= Beginning of Section =
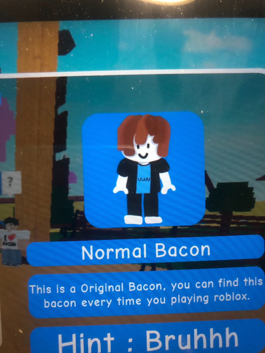 Есть одна популярная игра - роблокс. Про неё я расскажу в отдельной статье. Один из режимов в роблоксе - Find the Bacons (Находить «Беконов») «Беконы» - это вид скинов, которые собраны из начальных бесплатных вещей. В данном режиме надо найти различные виды этих человечков. Я буду рассказывать, как найти некоторые из них: Классический бекон. Его можно получить около спавна, он будет стоять у скамейки «Пандапин» бекон. Его можно получить у спавна, будет стоять у колонны, с ним можно начать вести диалог, но это не обязательно, чтобы забрать его. Листовой бекон. Его можно получить, подойдя к дереву и коснувшись его. Он замаскирован в листве. Дерево с ним находится рядом со спавном: Стесняющийся бекон.(Извините если не правильно перевёл) Его можно найти в земле холма, который находится рядом со спавном, вам надо найти специальное выделяющееся место и зайти в него: На сегодня всё, увидимся в следующий раз, до новых встреч!)
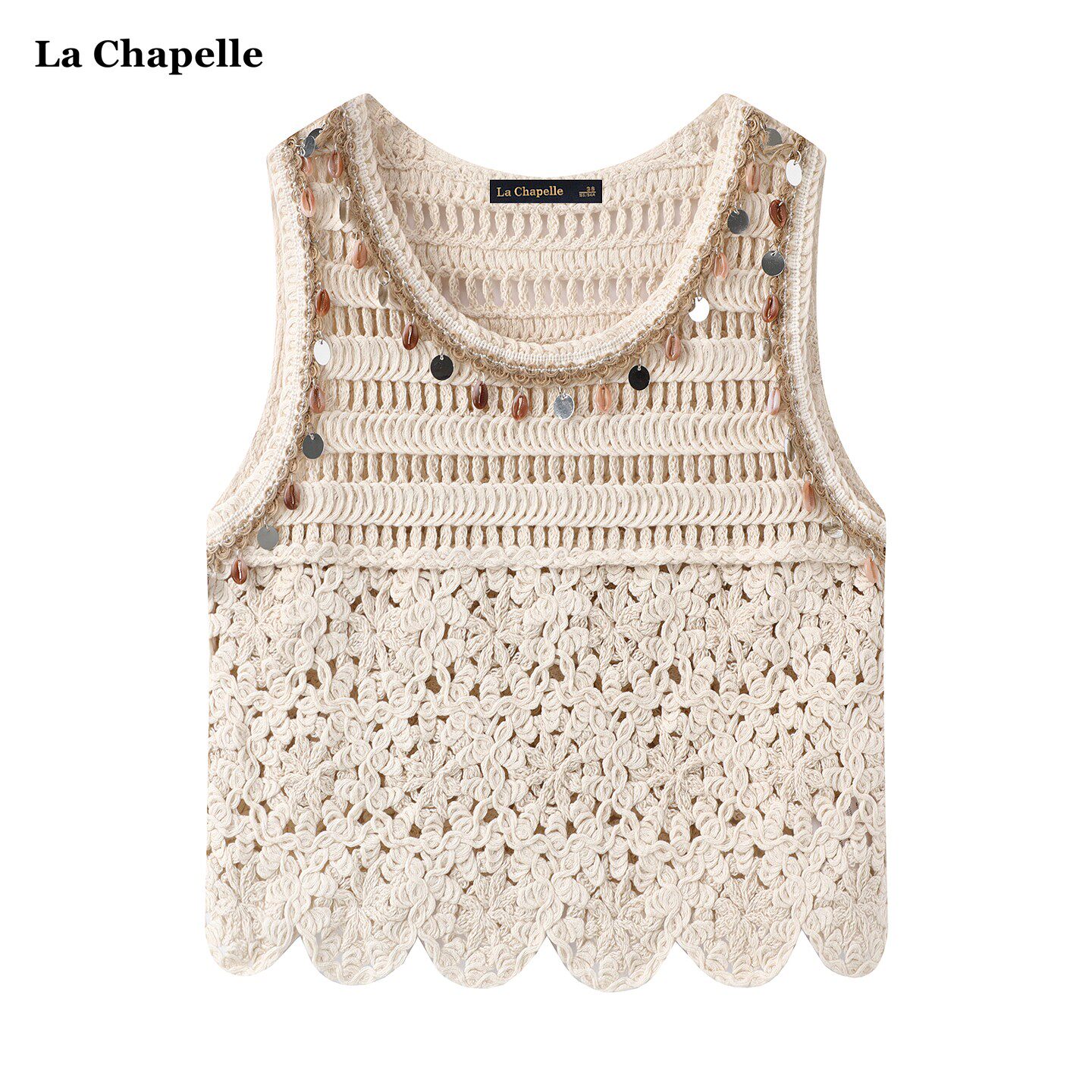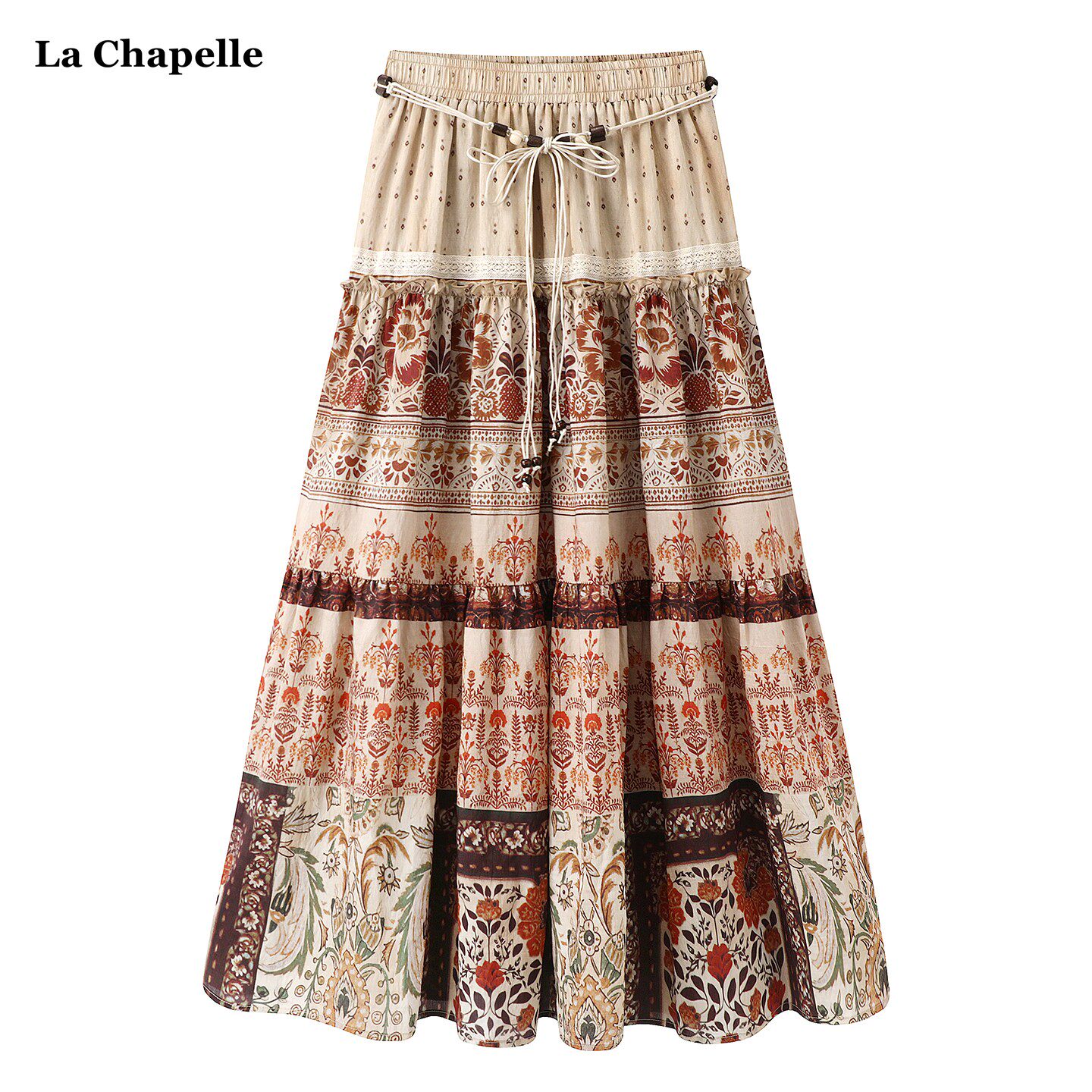 拉夏贝尔/La Chapelle夏季波西米亚镂空钩花背心印花半身裙套装女
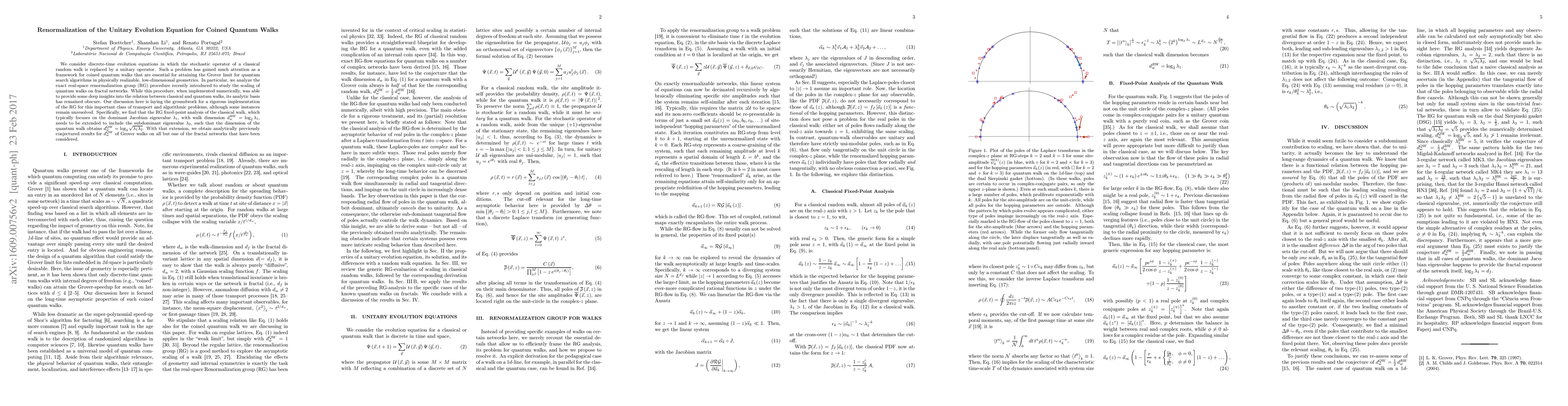 We consider discrete-time evolution equations in which the stochastic operator of a classical random walk is replaced by a unitary operator. Such a problem has gained much attention as a framework for coined quantum walks that are essential for attaining the Grover limit for quantum search algorithms in physically realizable, low-dimensional geometries. In particular, we analyze the exact real-space renormalization group (RG) procedure recently introduced to study the scaling of quantum walks on fractal networks. While this procedure, when implemented numerically, was able to provide some deep insights into the relation between classical and quantum walks, its analytic basis has remained obscure. Our discussion here is laying the groundwork for a rigorous implementation of the RG for this important class of transport and algorithmic problems, although some instances remain unresolved. Specifically, we find that the RG fixed-point analysis of the classical walk, which typically focuses on the dominant Jacobian eigenvalue $\lambda_{1}$, with walk dimension $d_{w}^{RW}=\log_{2}\lambda_{1}$, needs to be extended to include the subdominant eigenvalue $\lambda_{2}$, such that the dimension of the quantum walk obtains $d_{w}^{QW}=\log_{2}\sqrt{\lambda_{1}\lambda_{2}}$. With that extension, we obtain analytically previously conjectured results for $d_{w}^{QW}$ of Grover walks on all but one of the fractal networks that have been considered.
= End of Section =
Requirement
Pass over the images and copy the rest of the material above exactly.

Answer below
 Есть одна популярная игра - роблокс. Про неё я расскажу в отдельной статье. Один из режимов в роблоксе - Find the Bacons (Находить «Беконов») «Беконы» - это вид скинов, которые собраны из начальных бесплатных вещей. В данном режиме надо найти различные виды этих человечков. Я буду рассказывать, как найти некоторые из них: Классический бекон. Его можно получить около спавна, он будет стоять у скамейки «Пандапин» бекон. Его можно получить у спавна, будет стоять у колонны, с ним можно начать вести диалог, но это не обязательно, чтобы забрать его. Листовой бекон. Его можно получить, подойдя к дереву и коснувшись его. Он замаскирован в листве. Дерево с ним находится рядом со спавном: Стесняющийся бекон.(Извините если не правильно перевёл) Его можно найти в земле холма, который находится рядом со спавном, вам надо найти специальное выделяющееся место и зайти в него: На сегодня всё, увидимся в следующий раз, до новых встреч!)
 拉夏贝尔/La Chapelle夏季波西米亚镂空钩花背心印花半身裙套装女
 We consider discrete-time evolution equations in which the stochastic operator of a classical random walk is replaced by a unitary operator. Such a problem has gained much attention as a framework for coined quantum walks that are essential for attaining the Grover limit for quantum search algorithms in physically realizable, low-dimensional geometries. In particular, we analyze the exact real-space renormalization group (RG) procedure recently introduced to study the scaling of quantum walks on fractal networks. While this procedure, when implemented numerically, was able to provide some deep insights into the relation between classical and quantum walks, its analytic basis has remained obscure. Our discussion here is laying the groundwork for a rigorous implementation of the RG for this important class of transport and algorithmic problems, although some instances remain unresolved. Specifically, we find that the RG fixed-point analysis of the classical walk, which typically focuses on the dominant Jacobian eigenvalue $\lambda_{1}$, with walk dimension $d_{w}^{RW}=\log_{2}\lambda_{1}$, needs to be extended to include the subdominant eigenvalue $\lambda_{2}$, such that the dimension of the quantum walk obtains $d_{w}^{QW}=\log_{2}\sqrt{\lambda_{1}\lambda_{2}}$. With that extension, we obtain analytically previously conjectured results for $d_{w}^{QW}$ of Grover walks on all but one of the fractal networks that have been considered.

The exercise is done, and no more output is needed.